I have been using ft_sourceanalysis with ft .avg objects on the data structure. I have just tried "rawtrials", which have a .trial object but not a .avg object. In some of the code it assumes there is a data.avg object, but i can't find it being set and it causes an error. e.g. Nsamples = size(data.avg,2); Nchans = length(data.label); if isfield(data, 'cov') && length(size(data.cov))==3 Ntrials = size(data.cov,1); elseif isfield(data, 'trial') && length(size(data.trial))==3 Ntrials = size(data.trial,1); else Ntrials = 1; end The first Nsamples fails for the rawtrial structure without the .avg. I changed mine to %JER modificiation, if no "avg" but "trial" then get Nsamples from the trial if isfield(data,'avg'); Nsamples = size(data.avg,2); elseif isfield(data,'trial'); Nsamples = size(data.trial,3); end; %Nsamples = size(data.avg,2); similarly, data.avg = data.avg(datchanindx,:); data.cov = data.cov(:,datchanindx,datchanindx); data.trial = data.trial(:,datchanindx,:); to %JER modifications, if get here probably in the raw trials, but may not have data.avg. if isfield(data,'avg'); data.avg = data.avg(datchanindx,:); end data.cov = data.cov(:,datchanindx,datchanindx); if isfield(data,'trial'); data.trial = data.trial(:,datchanindx,:); end;


Robert Oostenveld - 2016-04-12 17:25:00 +0200

Hi John, The trial handling in ft_sourceanalysis dates back >10 years and is regretfully flawed by design. We have been trying to move forward with the code, but at the same trying to keep backward compatible with existing users' matlab scripts. What is it exactly that you are trying to do (from a conceptual point of view)?

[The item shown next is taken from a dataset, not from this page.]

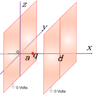 이 문제는 도체와 점전하이므로 영상 전하법(method of image)을 이용해서 풀 수도 있지만, Green's reciprocity theorem를 사용하는 것이 더 간단하다. 이를 위해 좀 더 전하분포가 단순한 구성을 만들자. 접지를 없애고 한 극판 ($x=0$)에는 균일하게 양전하를, 반대 극판($x=d$)에는 동일한 양의 음전하로 균일하게 대전시키면(구성 1) 사이에서 전위는 $$V_1(x)= V_0 \left( 1- \frac{x}{d}\right) $$로 쉽게 구할 수 있다. 점전하를 넣은 경우(구성 2)는 구성 1의 전하가 있는 극판에서 전위를 안다. 따라서 reciprocity theorem을 쓰면 구성 2일 때 극판에 모이는 전하가 얼마인가를 알 수 있다. 구성 1의 $\rho_1$은 극판에서만 0이 아니고, 구성 2의 $V_2$는 접지때문에 극판에서 $V_2(x=0)=V_2(x=d)=0$이므로

John Richards - 2016-04-12 21:06:46 +0200

Conceptually, i have two kinds of FT data. One kind is the "avg" and consists of a single average trial, with n-slices, and n-electrodes. In the FT object representing data this is put in the .avg object of the data structure. The second kind is "trial" data, and consists of several trials, with n-trials, n-slices, and n-electrodes. This is put into the .trial object of the data structure. From what I understand, the data objects in FT either have a avg object or a trial object, but not both. In the code below one place assumes there is a "avg" object in the structure, and the second place assumes there are both "avg" object and "trial" object in the structure. So no matter how one arrives at this particular location on the ft_sourceanalysis procedure, with just one of these objects, the code will fail. My modifications below test of the avg or trial object in the data structure, and acts accordingly. John


Robert Oostenveld - 2016-04-13 12:08:15 +0200

(In reply to John Richards from comment #2) Both are contained within one FieldTrip data structure that is "time-locked" to the event onset at t=0. The data structure is the result of ft_timelockanalysis with cfg.keeptrials=yes. You should not consider the "avg" and the "trial" subfield separate from the remainder of the data structure. See http://www.fieldtriptoolbox.org/reference/ft_datatype_timelock Compared to raw data (see http://www.fieldtriptoolbox.org/reference/ft_datatype_raw) the important difference in the trial field is that it is a 3D array, rather than a cell array of 2D matrices. The "time-locked" data structure will most likely also have single trial or an average channel covariance matrix. Do you want to source reconstruct the average (1), or do you want to source reconstruct individual trials (2)? In the latter case, you can construct the inverse operator either on the average (2a), or also on the individual trials (2b). With case 2b you should be aware that if the inverse operator is data dependent (like with a beamformer), the covariance will be used. The single trial covariance is a poor estimator of the signal and noise structure and hence the single trial estimates using single trial inverse operator are usually very poor. Case 2a is relevant if you want to do within-subject statistics, comparing different types of trials under the H0 that the cortical activity is the same in the two types of trials. Under that H0, all trials can (and should) have the same inverse operator, which is therefore based on the averaged covariance over all trials (regardless the condition). You can also contrast the average between two conditions (i.e. 1b), following the approach outlined on http://www.fieldtriptoolbox.org/tutorial/beamformer#source_analysiscontrast_activity_to_another_interval If the problem persists, please send me the input cfg and data that you pass to the ft_sourceanalysis function (see http://www.fieldtriptoolbox.org/faq/how_should_i_send_example_data_to_the_developers).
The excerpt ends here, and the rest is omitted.